Rachel X

Age at interview: 28
Brief Outline:

Rachel X has been a research midwife for just over a year. Through working on several studies, she has become an “unofficial specialist” on pre-term birth. This has presented workload challenges as she receives a lot of clinical enquiries on the topic.

Background:

Rachel X is a research midwife. She is in a relationship. Her ethnic background is White English.

More about me...

Rachel X has been a research midwife for just over a year. Before this, she worked in clinical midwifery at the same Trust. She had been advised to do a year in clinical practice before going into research. Rachel X has always been interested in “how evidence is translated into practice” and, having studied biology before midwifery, she felt a research position bridged her two degrees. She also felt that working in research would be an opportunity to expand her skill set. Currently, Rachel X is on a fixed-term contract. This is not an issue for her at the moment, but could become one: “I think if I were continuing, say five years down the line, maybe I wouldn’t be okay with that”.

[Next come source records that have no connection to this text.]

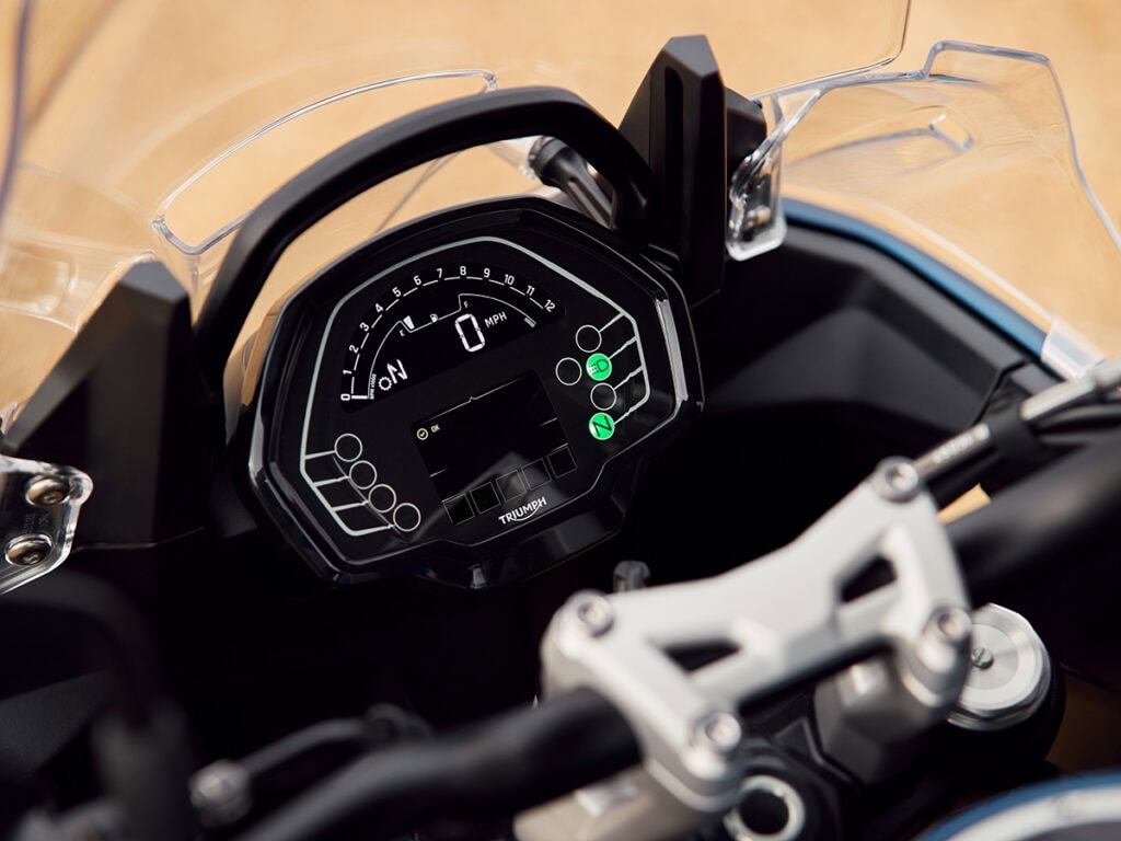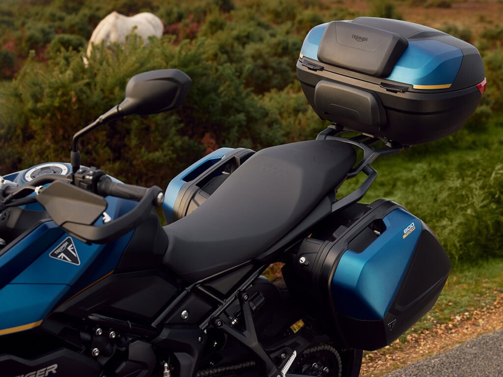 Dat ‘kracht van onderuit-karakter’ past perfect bij het crossoverconcept en misschien nog wel beter de nieuwste exponent op het Tiger Sport 800-platform: deze nieuwe Tiger Sport 800 Tour. Deze borduurt voort op de bestaande basis rond een stalen buizenframe met deels instelbare Showa vering voor en achter (veerweg v/a 150/150 mm), maar is behoorlijk wat rijker uitgerust dan de basisversie. Gezien de toevoeging in de typenaam zal het niemand verbazen dat die uitrusting met name de praktische reiskwaliteiten van de Brit nog wat verder uitdiept. De Tour is namelijk standaard uitgerust met een middenbok, handvatverwarming, handkappen, comfortzadel en elektronische bandenspanningscontrole. Daarnaast is ook een driedelige top- en zijkofferset in kleur standaard aan boord. Deze slikt in totaal 106 liter aan bagage weg, ruim voldoende voor een flinke vakantie!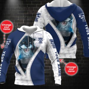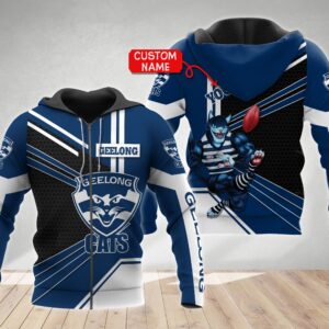Personalized 3D Hoodie Geelong Football Club Vector Mascot Afl Custom Name 3D All Over Print Zip Up Hoodie Option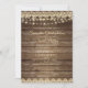 Um convite de casamento rústico, por país, com um fundo de prancha de madeira, rendas creme/bege e e luzes de cordas brilhantes complementam casamentos ao ar livre, no país, no oeste, no celeiro e/ou relaxados. Todo o texto é editável (exclua qualquer texto de amostra para deixar o vazio) e o estilo, tamanho, cor e posicionamento da fonte podem ser alterados para atender às suas necessidades, clicando na guia "clique para personalizar mais". O verso do convite apresenta o mesmo fundo em placas de madeira e oferece um lugar para acrescentar informações adicionais. Entre em contato com o designer se quiser fazer alguma modificação ou se quiser coordenar itens para completar o seu conjunto de casamento.
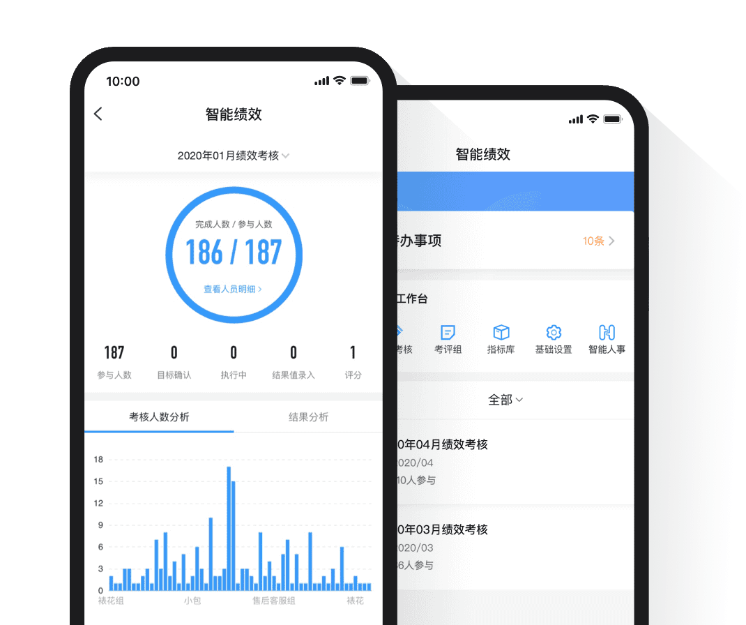 考核管理在线考核、报表可视, 绩效考核赏罚分明。

When she began her role, Rachel X had to adapt to the language used in research and undertook training including Good Clinical Practice training. She didn’t have many expectations of what research would involve or anticipate the amount of office-based work she would be doing. However, she now enjoys the paperwork aspects of her role. Rachel X has a strong working relationship with senior research midwife colleagues who understand the challenges involved in the role. Similarly, there is mutual support with another research midwife who began a similar post at the same time: “we’ve kind of figured it out together”. Rachel X says that, after about three months in post, she started to feel more comfortable in her research role and familiar with the protocols of the projects she worked on. 

Rachel X works on several research projects around pre-term birth, a topic which she has become an “unofficial specialist” on. She is involved in patient recruitment in the studies, and emphasises developing trust and communication with participants when explaining the study and taking consent. She also collects samples and sometimes processes these. One aspect of her job that Rachel X enjoys is having allocated “study days”, where she can attend conferences. However, Rachel X dislikes that there is often little opportunity to be involved in the analysis and dissemination of study results. She feels this is a “contentious” issue and gives the example of when papers are published with no acknowledgement of research midwives: “people have worked very hard for these studies [… It] sometimes feels that it’s not really appreciated from higher up”.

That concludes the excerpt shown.